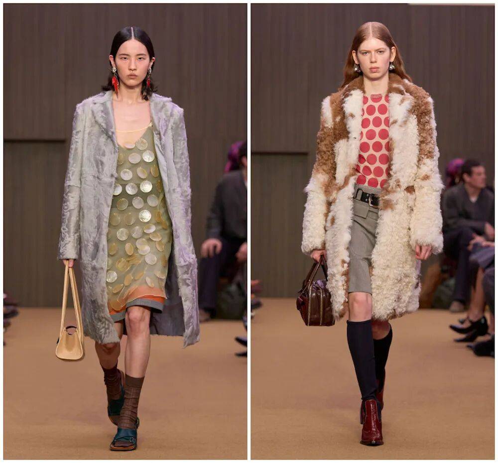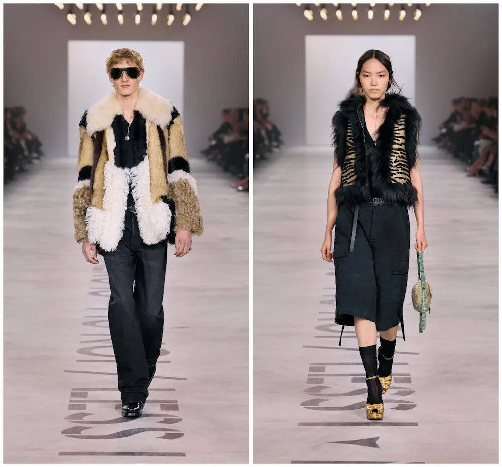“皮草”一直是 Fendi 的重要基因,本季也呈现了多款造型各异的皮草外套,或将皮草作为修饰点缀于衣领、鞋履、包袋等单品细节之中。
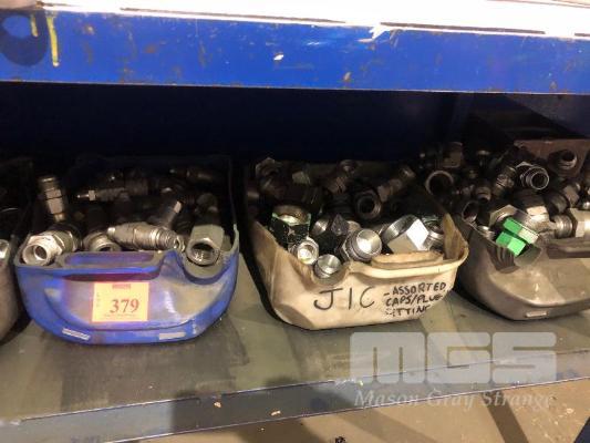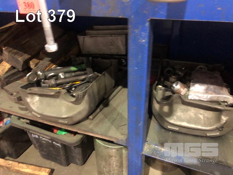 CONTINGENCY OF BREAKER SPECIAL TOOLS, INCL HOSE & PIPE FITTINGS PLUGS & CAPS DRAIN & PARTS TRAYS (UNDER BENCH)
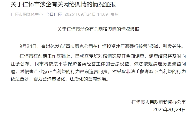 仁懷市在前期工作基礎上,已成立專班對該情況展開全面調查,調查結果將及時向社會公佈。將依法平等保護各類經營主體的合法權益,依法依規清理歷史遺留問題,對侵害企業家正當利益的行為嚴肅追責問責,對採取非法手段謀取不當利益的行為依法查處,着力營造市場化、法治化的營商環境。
⁂
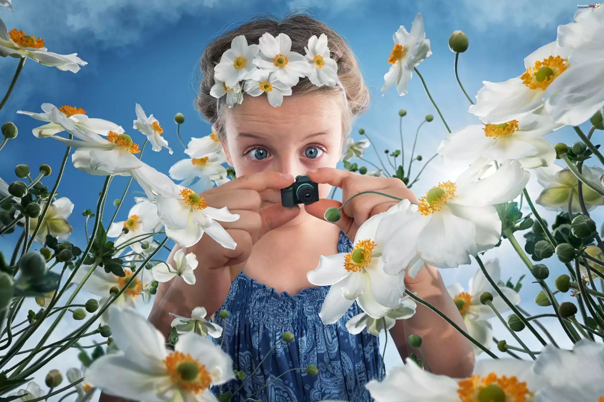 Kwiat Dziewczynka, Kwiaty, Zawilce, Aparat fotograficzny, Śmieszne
⁂
Every line above from the one with "CONTINGENCY OF BREAKER" down to the one with "仁懷市在前期工作基礎上,已成" must be written out exactly, and no picture may appear.

 CONTINGENCY OF BREAKER SPECIAL TOOLS, INCL HOSE & PIPE FITTINGS PLUGS & CAPS DRAIN & PARTS TRAYS (UNDER BENCH)
 仁懷市在前期工作基礎上,已成立專班對該情況展開全面調查,調查結果將及時向社會公佈。將依法平等保護各類經營主體的合法權益,依法依規清理歷史遺留問題,對侵害企業家正當利益的行為嚴肅追責問責,對採取非法手段謀取不當利益的行為依法查處,着力營造市場化、法治化的營商環境。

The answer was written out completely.